On 12/26/19 10:31 AM, David Mertz wrote:
This came up in discussion here before, maybe a year ago, I think.
There was a decision not to change the implementation, but that seemed
like a mistake (and the discussion was about broader things).
Anyway, I propose that the obviously broken version of
`statistics.median()` be replaced with a better implementation.
Python 3.8.0 (default, Nov 6 2019, 21:49:08)
>>> import numpy as np
>>> import pandas as pd
>>> import statistics
>>> nan = float('nan')
>>> items1 = [nan, 1, 2, 3, 4]
>>> items2 = [1, 2, 3, 4, nan]
>>> statistics.median(items1)
2
>>> statistics.median(items2)
3
>>> np.median(items1)
nan
>>> np.median(items2)
nan
>>> pd.Series(items1).median()
2.5
>>> pd.Series(items2).median()
2.5
The NumPy and Pandas answers are both "reasonable" under slightly
different philosophies of how to handle bad values. I think raising an
exception for NaNs would also be reasonable enough.

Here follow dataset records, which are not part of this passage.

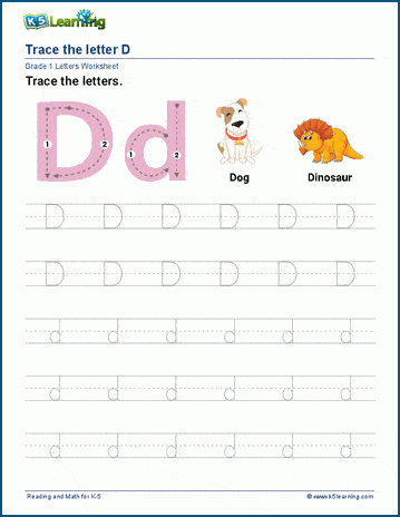 Tracing and printing practice for the letter D, uppercase and lowercase.
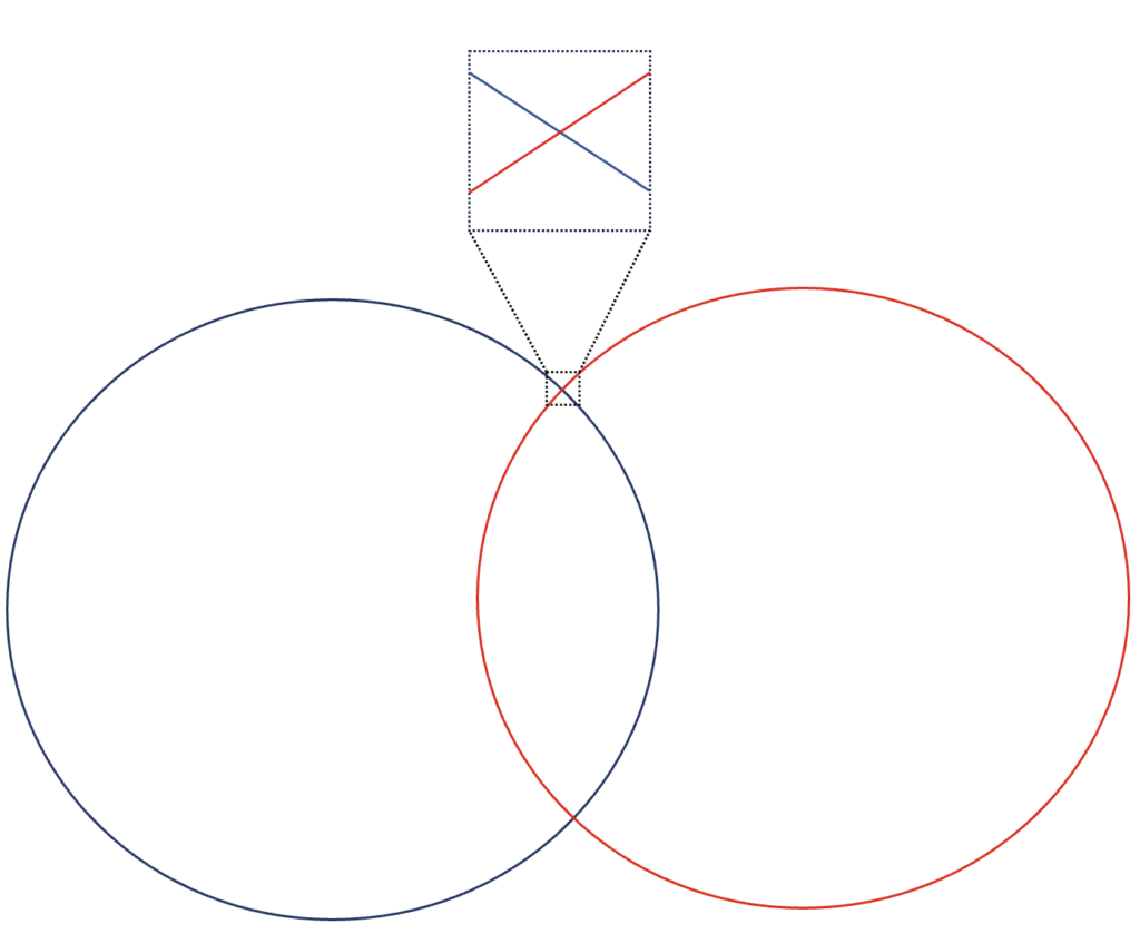 Il nous faut ainsi une technique pour réduire les cercles de position à l’échelle des cartes transportées sur des navires. À cette fin, il convient de noter qu’avec une résolution (zoom) suffisamment grande, tout segment de cercle de position finira par ressembler à une droite. L’image ci-dessous résume l’idée: les deux cercles de position, lorsque ramenés à l’échelle d’une carte, donnent l’impression de deux droites de position (dont l’intersection est bien sûr la position).
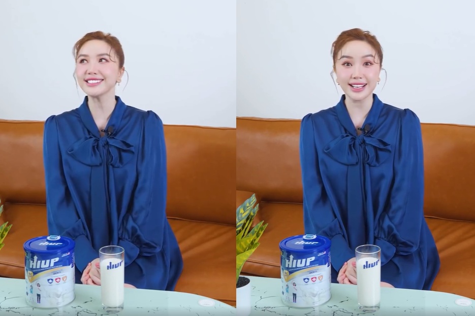 Hình ảnh Bảo Thy quảng cáo cho sản phẩm dinh dưỡng sữa HIUP đang gây ra nhiều tranh cãi trên mạng xã hội.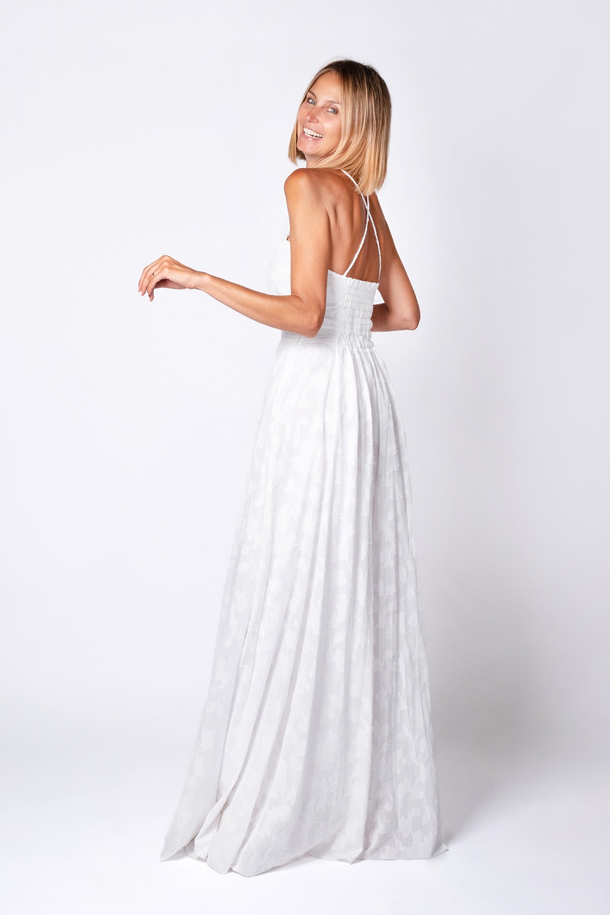 Abito bustier in 100% cotone, con disegno jacquard tono su tono. Spalline sottili intrecciate, ampia gonna che accompagna il movimento con leggerezza.

The one thing that is NOT reasonable is returning different answers
for median depending on the order of the elements.
Getting garbage answers for garbage input isn't THAT unreasonable.
Perhaps it could be argued that detecting common garbage input and
rejecting it (perhaps with an exception) would make more sense.
Note that the statistics module documentation implies the issue, as
median implies that it requires the sequence to be orderable, and nan
isn't orderable. Since the statistics module seems to be designed to
handle types other than floats, detecting nan values is extra expensive,
so I think it can be excused for not checking.